# WG311v2 and ACX (new snapshots)

## n3xus2

Yes another ACX post.. I think i've read them all but still cant figure this one out.

Loaded ACX using the latest snapshot and compiled it into my kernel source

my dmesg reports this:

acx: found ACX111-based wireless network card at 0000:02:02.0 irq3 blah blah

using IRQ 3

requesting firmware image 'tiacx111c16'

acx: firmware image 'tiacx111c16' was not provided. Check your hotplug scripts

requesting firmware image 'tiac111'

acx: firmware image 'tiac111' was not provided. Check your hotplug scripts

acx: reset_dev() FAILED

acx_pci: probe of 0000:02:02.0 failed with error -5

USB module v0.3.19 initialized, probing for devices...

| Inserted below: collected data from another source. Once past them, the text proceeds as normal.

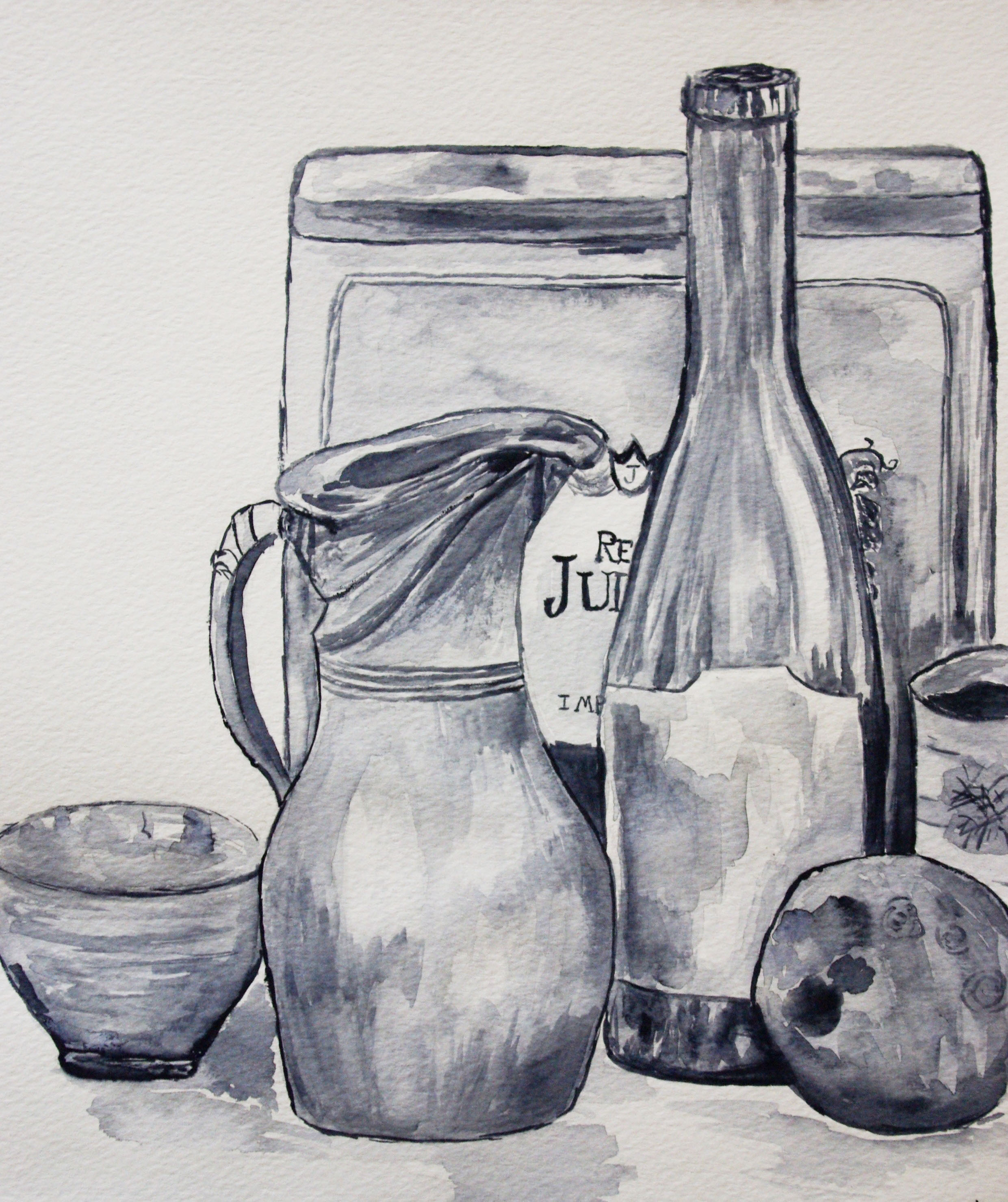 Still life:Monochromatic -2012When Darcy attends Lizzy’s show, we know his internal impressions of Lizzy’s work. Those were from a description of my watercolour instructor used for a still life I had to paint early in her first class. It was a simple monochromatic arrangement, but I was always happy with how it turned out–especially the wine bottle! It had been years since I had really painted and I was so excited to be doing it again. That semester, I had to paint several compositions dictated by the instructor, but I discovered when I tried the landscape that I was better at it than I thought. I assumed it would be terrible (I’m not completely happy with all of the background, but I was really happy with most of it). Then, we were allowed to finish the class with two paintings from any genre, and I chose landscapes for those as well. This was how I discovered that I enjoyed painting landscapes, which is why Lizzy enjoys landscapes.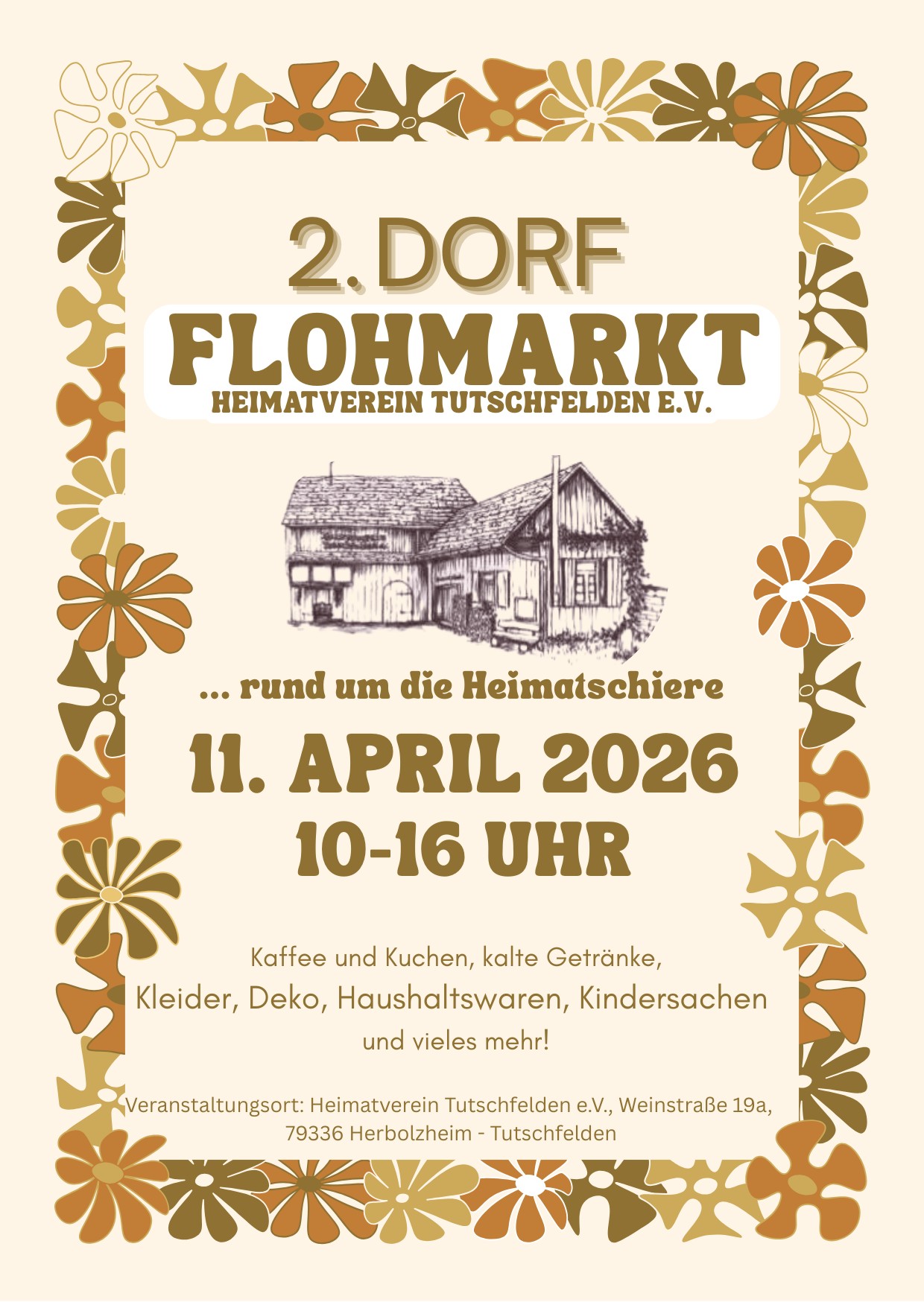Der Heimatverein Tutschfelden e.V. veranstaltet am Samstag, 11. April 2026, von 10.00 bis 16.00 Uhr den 2. Dorfflohmarkt rund um die Heimatschiere. Angeboten werden Kleidung, Haushaltswaren, Dekoartikel, Kindersachen sowie Kaffee und Kuchen und kalte Getränke.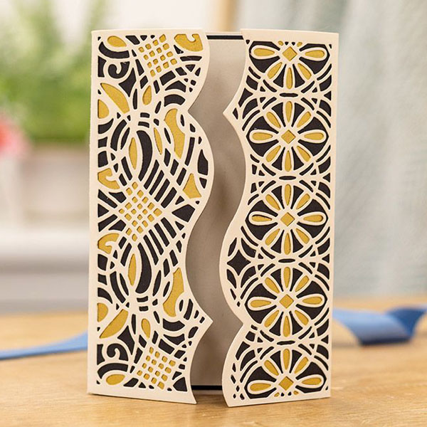 In the Floral Swirls set, you will receive 8 dies to create lace and floral-inspired gatefold card. The card opens out from two beautiful die-cut panels with an elegant swirled opening down the centre.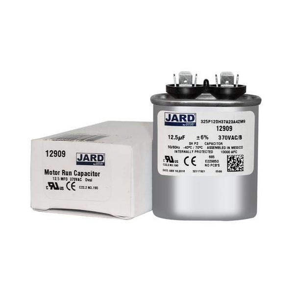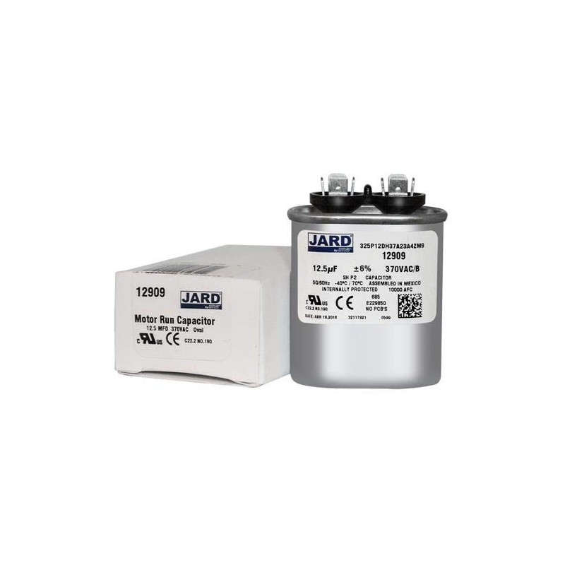 Replaces / Supersedes: GE / Genteq C312 C312L SUPCO CR12X370 CR12.5X370 JARD 12909 Mars 14009 12009 800P12DH37A30AX4X 27L572BX 27L572 CPT00255 CPT-0255 CPT0255 CPT-1867 CPT1867 CPT01867 and other 12.5 x 370 VAC Oval Capacitors with matching specifications.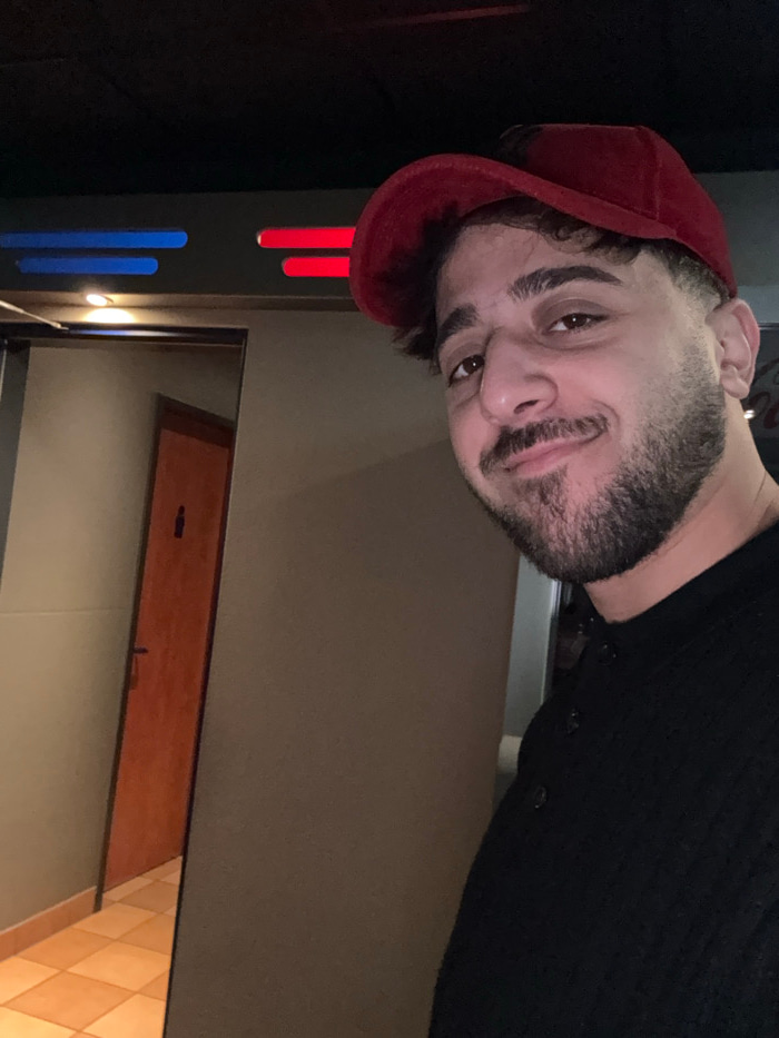 A man with a beard and a red cap is smiling. He wears a black button-up shirt. Behind him is a gray wall. There's a decorative pillar with red and blue vertical lights to his left. A mirror shows a reβ¦read more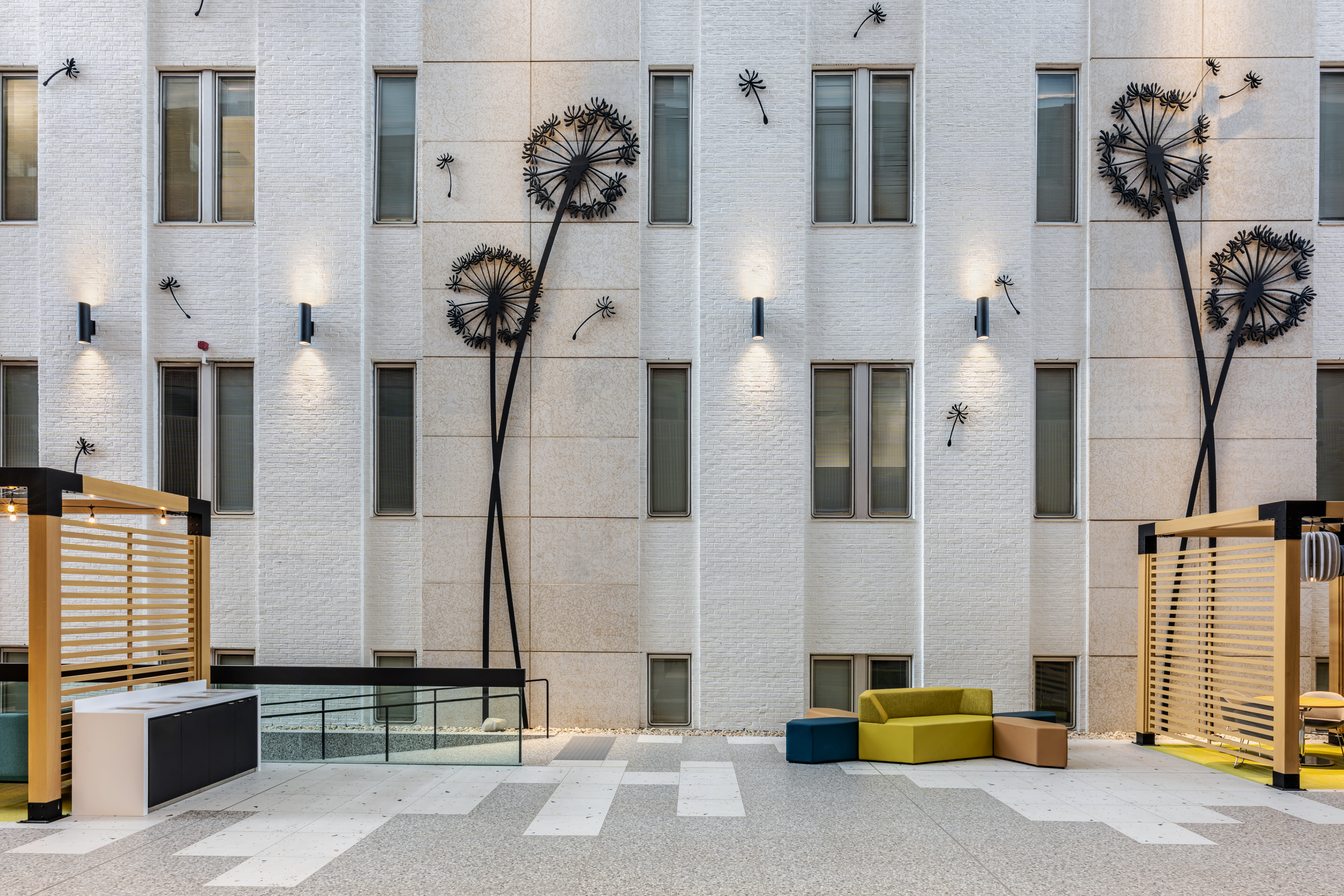 Lighting played a central role in redefining the space. Previously dark and uninviting, the area was illuminated with pedestrian-scale fixtures highlighting the feature wall, ceiling uplighting, and twinkling LED “starry night” effects for an airy, almost magical quality. Delicate lighting sculptures and string lights added a whimsical touch, enhancing the sense of place.

usbcore: registerd new driver acx_usb

I had the firmware originally in /lib/firmware.. but have since copied it to some other locations that were suggested.

I have hotplug supported enabled in my kernel (i think) i know its enabled in a couple of areas, but I could be missing something.

It seems to find the USB driver fine and load it.. so why not load the rest??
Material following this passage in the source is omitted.